Pascal Lièvre est directeur de recherche au laboratoire CRCGM, à l'Université de management de Clermont. Il est co-fondateur et animateur de l'Open Lab Exploration Innovation, qui regroupe chercheurs et managers auvergnats tous les 2 mois pour des conférences et des échanges autour de la recherche en management de l'innovation.

 

Quel est le nouveau contexte auquel les PME doivent faire face aujourd'hui ?

En deux mots, l'économie de la connaissance entraîne de nombreuses ruptures et oblige les entreprises à se muscler en termes de connaissances expérientielles et scientifiques. Les PME comme les grandes entreprises sont soumises à cette injonction: elles ont besoin de nouveaux cadres cognitifs pour comprendre leur environnement, et passer à l'action.

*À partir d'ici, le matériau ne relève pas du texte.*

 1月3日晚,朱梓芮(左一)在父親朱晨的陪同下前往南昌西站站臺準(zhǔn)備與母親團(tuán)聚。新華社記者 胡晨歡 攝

Dans la PME, l'entrepreneur est le maître du jeu. D'un côté, ils sont plus à l'aise avec l'engagement, la prise de risque, l'innovation, mais d'un autre ils ont moins de bagage théorique, et ont un rapport plus distant à la recherche et aux connaissances expérientielles. Il faut les aider sur ces points.

 

Quelle solution proposez-vous à travers l'Open Lab Exploration Innovation ?

La clé est de créer des communautés de pratique pour échanger l'expérience, et des communautés épistémiques pour échanger avec des chercheurs. L'Open Lab Exploration Innovation rassemble les deux: c'est un dispositif souple d'interaction entre des chercheurs (doctorants, étudiants ...) et des praticiens (managers), qui ont un intérêt commun autour des questions d'exploration et d'innovation. Et qui pensent qu'ils peuvent apprendre ensemble, les uns des autres. On multiplie les modalités d'interface entre les problématiques pratiques des entrepreneurs, et les sujets de réflexion des chercheurs.

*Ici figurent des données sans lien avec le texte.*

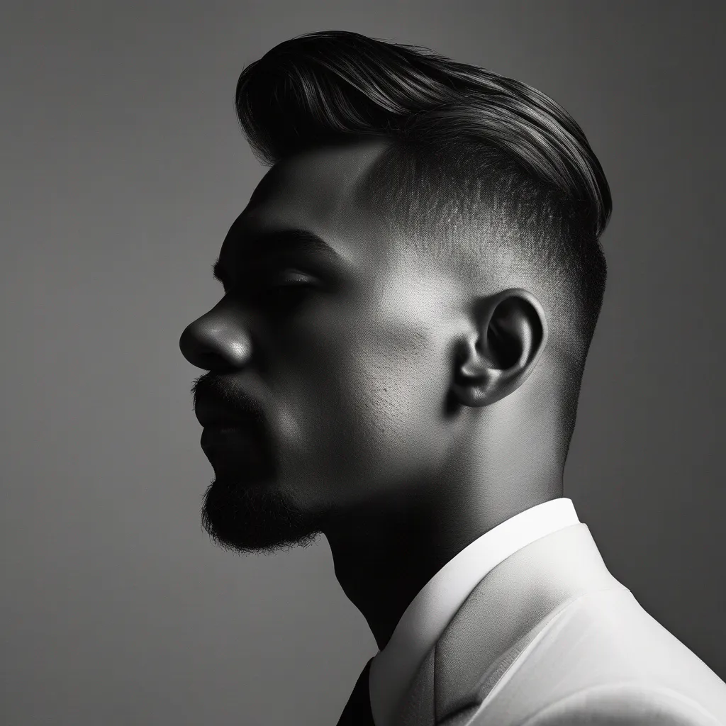 A clean, geometric portrait of a man’s profile, where sharp contrasts emphasize the contours of his face and the lines of his clothing

Plus globalement, la solution est de trouver des espaces collaboratifs pour échanger à différents niveaux. Cela peut se faire au niveau du territoire, comme ce qui existe dans la vallée de l'Arve, en Savoie. Et ces espaces doivent être des communautés, pas trop figées ni formelles, où l'animation se fait de manière plutôt intuitive. On est entre l'informel et l'institutionnel, c'est très important. Ces collectifs doivent construire du sens pour les acteurs, être très flexibles, et proposer des dispositifs d'expansion des connaissances.

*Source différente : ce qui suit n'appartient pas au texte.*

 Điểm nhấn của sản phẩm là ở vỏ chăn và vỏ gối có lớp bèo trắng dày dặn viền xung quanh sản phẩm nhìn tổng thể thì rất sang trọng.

Pensez-vous à certaines initiatives en Auvergne ?

Il y a plusieurs espaces qui se rapprochent de ce concept, comme l'Interclub, le Bivouac, l'Open Lab, le Connecteur ... il faudrait étudier leur fonctionnement, leurs modalités d'interaction, leur degré d'ouverture. Pour voir si les parties prenantes - chercheurs, PME, mais aussi grandes entreprises - peuvent y trouver leur intérêt pour s'engager progressivement sur des projets. Des initiatives événementielles comme Living Orgs Day autour d'Epicentre sont aussi à suivre. La clé est de lancer des choses ambitieuses, assez souples, pas organisées comme des hiérarchies ni comme des projets mais bien en tant que communautés. Pour ne pas laisser les PME seules face à cet enjeu de l'économie de la connaissance.